Hodiak cute and sweet; Preston a perfect bad guy. Lansbury can play a vicious bad lady; rather soft hearted at the end. Lansbury I also saw in a musical show in the movie Till the Clouds Roll By (I think that's the one; she is on a swing on stage -- also mid nineteen forties).

Charisse excellent. O'Brien her usual deadpan excellence. The singing piano player sweet on Charisse was very charming.

Judy's wedding gown wonderful. Reminded me of her wedding gown in the later forties movie The Pirate. Was this the same costume? The Pirate was 1948/1949, only two to three years later.

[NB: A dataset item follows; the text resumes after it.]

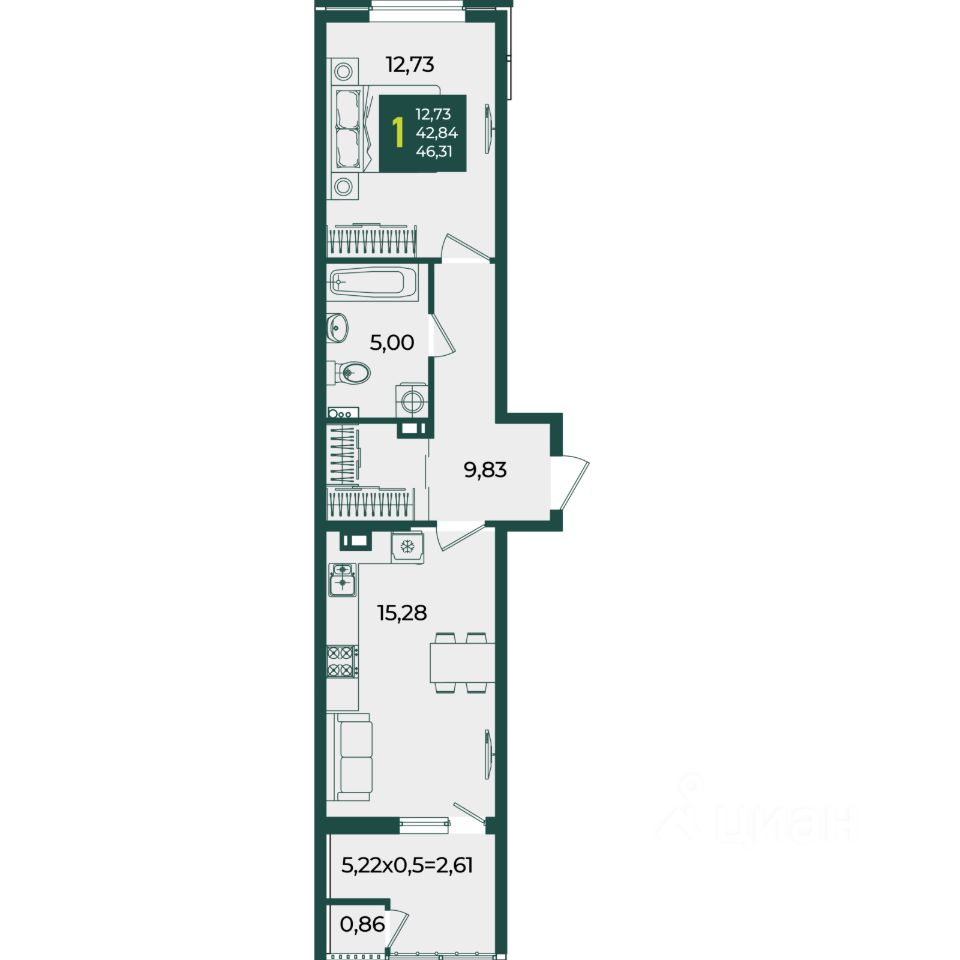 Общая площадь46,31 м2

Another major star in this movie was the train, lol.

One problem, however, but it is of the times. Girls was the word. Judy was a girl getting married to a man out west. She never thought of herself as a woman. As far as the girls of the restaurant, maybe they were never thought of as adult women, either.

Women's biggest aspirations were to get married. Waitresses is another politically incorrect word today. Waitressing was a planned career in those days? A way to get off the farm? Two schoolteachers ditched the life for slugging steaks to the cowhands. What the???? How ridiculous.

This was a post World War II confection. It was mostly happy and carefree. How many of the cowhand actors had fought in World War II? How many of the actresses had been Rosie the Riveter on their way up to movie life?

Still, IMO this movie is still way better than the typical shoot-down-plane bang bang war movies of that time period. Enough of the fighting and killing. Hurray for this type of singing and dancing confection, and kudos to Judy for heading this stellar ensemble cast.